# X370 mower clutch engages without switch, can't disengage



## Deeresteve (4 mo ago)

My 4 year old (3 months past warranty, of course) Deere X370 has signs of what I think might be mower clutch (blades) failure. Can anyone make sense of these symptoms?

Fails after about an hour of mowing + 15-30 minutes of sweeping clippings. I use this lawn sweeper.
I hear a squeal, can't tell where it's coming from though, since I use ear plugs.
I smell rubber burning and vibration is so bad that I turn the engine off.
I see the mower belt is smoking hot and also the sheave (pulley) that drives the belt is too hot to touch. Keep in mind: I am NOT mowing, I am just pulling the sweeper to collect clippings. That belt and sheave should NOT be engaged!
First time this happened, (sweeping clippings) I waited a few minutes, then continued without another occurrence.
Second time (yesterday) it happened while sweeping clippings, NOT mowing, the same vibration, same rubber burning, same hot sheave and belt from the disengaged belly PTO. But this time, it got really exciting because the mower blades engaged and could not be disengaged by the yellow PTO on/off know or by taking my weight off the seat! I used the key to kill the engine.
I think the PTO clutch is engaging on it's own, bypassing the on/off PTO switch and the seat operator present switch.

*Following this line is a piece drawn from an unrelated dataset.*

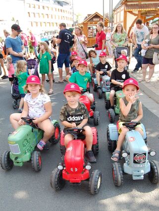 Kinder führen den Kerweumzug mit ihren Traktoren an.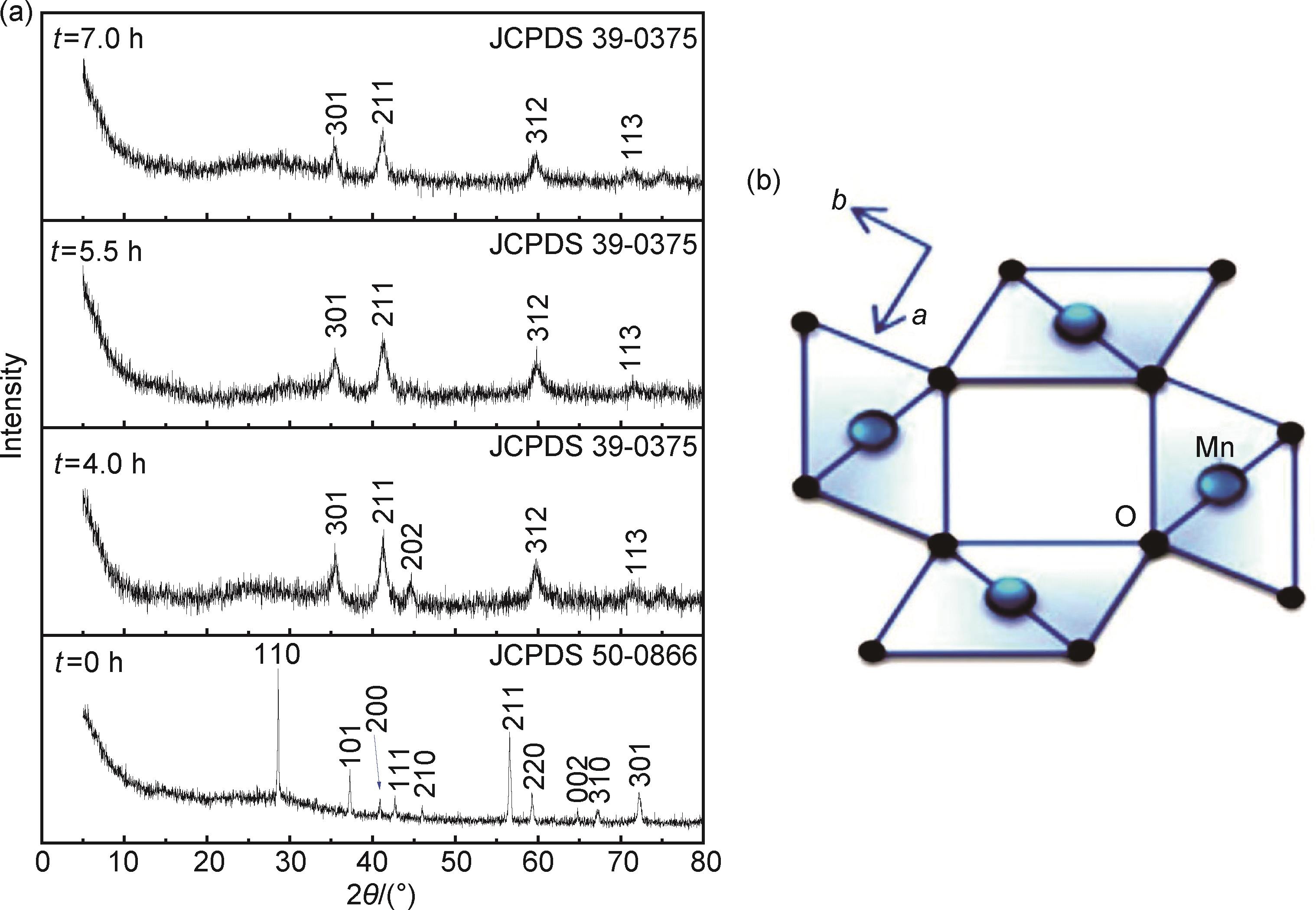 为了研究高能球磨时间对β-MnO2试样的微观结构以及电化学行为的影响,采用XRD、SEM、激光粒度分析仪、TEM测试并分析试样的晶体结构、颗粒形貌、颗粒尺寸分布和原子排列;采用电池测试仪和电化学工作站测试试样电池的电化学性能、电化学阻抗谱和CV曲线。结果表明,与球磨前试样相比,球磨后试样的相结构空间群改变,晶粒尺寸和颗粒尺寸均降低,并形成晶态与非晶态共存的微观结构。随着球磨时间增加,试样颗粒形态向细小分散→颗粒团聚与分散→颗粒团聚与板块转变,同时晶格畸变逐渐严重。球磨后试样电池达到最大放电容量的循环次数减少,放电效率均较好,但最大放电容量与球磨时间致使的晶粒尺寸、颗粒形态、晶格畸变有关。在不同球磨时间下,4.0 h球磨试样电池的最大放电容量相对较高,经100次充放电循环后,5.5 h球磨试样电池的容量保持率相对较好。根据动力学研究发现,与其他电池相比,4.0 h球磨试样电池的电荷转移阻抗、Warburg扩散阻抗相对较小,循环伏安法的峰面积相对较大,这进一步说明了该试样电池具有相对较高的电化学容量和相对较小的充放电电位差。因此,在本研究范围内,从容量与容量保持率出发,β-MnO2试样适宜球磨时间为4.0 h。

Am I thinking correctly?

Do I have a bad clutch?
How can I confirm a bad clutch, or do the symptoms already tell me this?
With my limited home owner tools and fair mechanical skills, can I do the clutch replacement or is this a task best left to the dealer?
Is there a preferred brand and provider of the clutch? 
(I'm not impressed with what the mfr installed on the new X370. I use the yellow switch on left of dashboard to keep the clutch engaged in all my backing up of the machine, so I have't put a lot of wear on the clutch, in my opinion.)


----------



## 2billt (Aug 7, 2011)

Welcome to TF.....
Unplug the PTO switch to differentiate from the clutch. If the clutch is disengaged then it's most likely a switch problem, if not more likely the clutch.
Unplug the seat switch and attempt a engine start and update this post with both results.


----------



## FredM (Nov 18, 2015)

Time to remove the deck drive belt and have a feel of the PTO clutch, possibly the bearing/s are seizing, can only be active with battery power, no power from switch, then it has to be mechanical.


----------



## Deeresteve (4 mo ago)

2billt said:


> Welcome to TF.....
> Unplug the PTO switch to differentiate from the clutch. If the clutch is disengaged then it's most likely a switch problem, if not more likely the clutch.
> Unplug the seat switch and attempt a engine start and update this post with both results.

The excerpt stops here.